Femap — CAE用語解説
Femap
先生、FemapってNastranの前後処理ツールですか? HyperMeshとどう違うんですか?
理論と物理
Femapの位置づけ
Femapって、AbaqusやAnsysとどう違うんですか?どれもCAEソフトですよね。
根本的な違いがあります。Femapは「プリポストプロセッサ」であり、ソルバー(解析エンジン)を内蔵していません。一方、Abaqus/StandardやAnsys Mechanicalは「ソルバー」です。Femapは、CADデータからメッシュを作成し、境界条件を設定して、NastranやAbaqus、Ansysなど外部のソルバーに解析ジョブを送信し、その結果を可視化するためのツールです。
じゃあ、Femap単体では計算できないんですか?
その通りです。ただし、SiemensからはNX Nastranというソルバーが提供されており、Femapと緊密に連携しています。例えば、Femapで作成したモデルを「Run」ボタン一つでNX Nastranに送信し、線形静解析や固有値解析を実行できます。連成解析のような高度な計算には、別途ライセンスが必要な場合が多いです。

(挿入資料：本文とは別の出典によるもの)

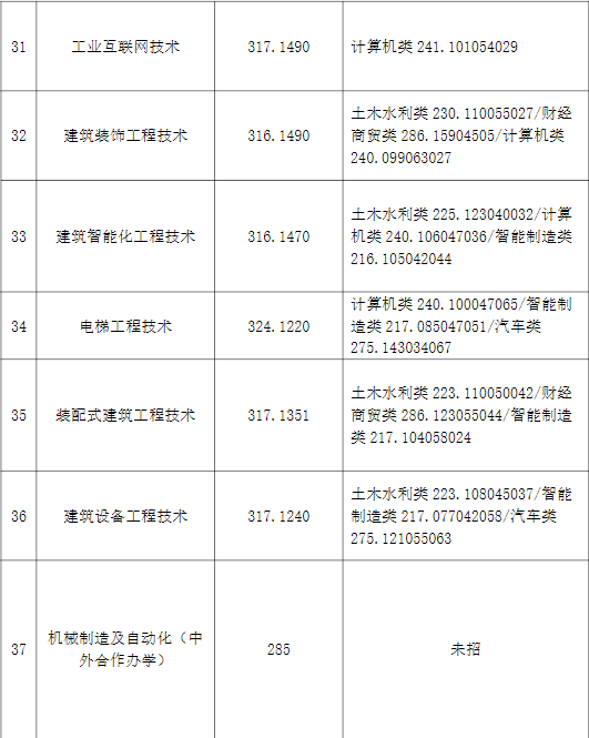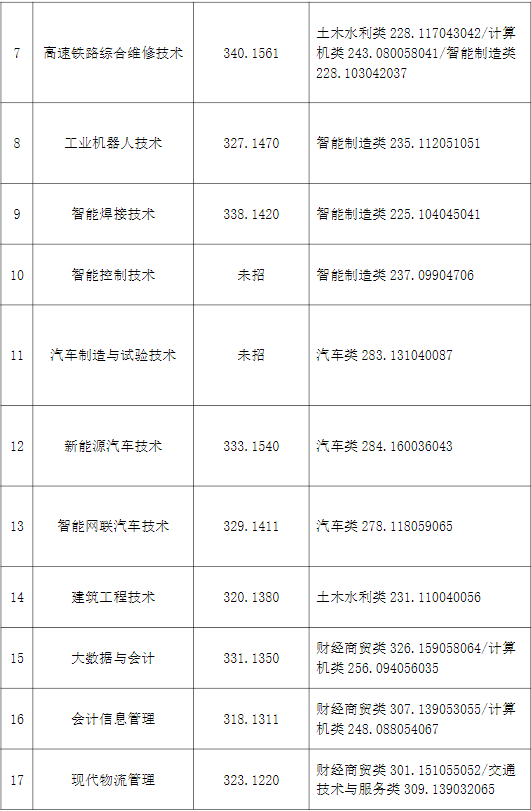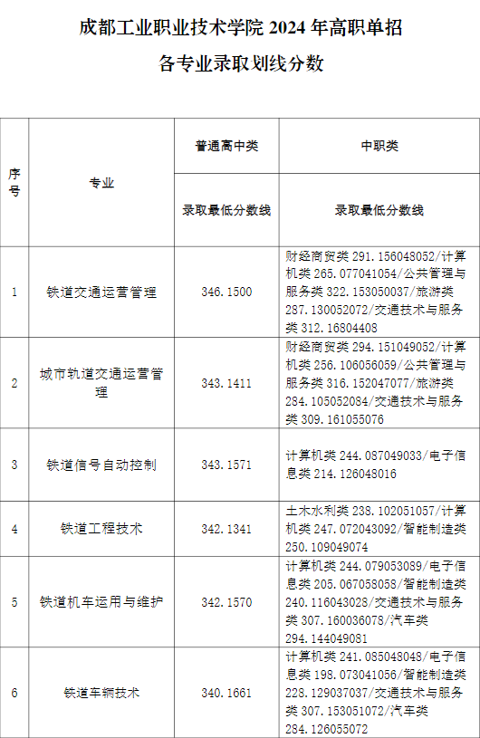 成都工业职业技术学院2024年高职单招各专业最低录取分数:

Femapで扱える支配方程式って、ソルバーに依存するってことですか?
はい、Femap自体は方程式を解きませんが、ユーザーがどの物理現象を解きたいかを設定するインターフェースを提供します。例えば、線形静解析の支配方程式は、どのソルバーでも基本的に同じ
数値解法と実装
メッシュ生成と要素
Femapでのメッシュ生成で「パラメトリック」と「非パラメトリック」って何が違うんですか?
CADのジオメトリへの依存度の違いです。「パラメトリックメッシュ」は、CADのパラメータ(面やエッジ)に直接関連付けられています。例えば、円柱の直径をCADで変更すると、メッシュも自動的に追従します。「非パラメトリックメッシュ」は、ジオメトリから独立した単なる節点と要素の集合体で、CAD変更後はメッシュの再生成が必要です。設計変更が頻繁な初期段階ではパラメトリックが、最終形状が固まった後の詳細解析では非パラメトリックがよく使われます。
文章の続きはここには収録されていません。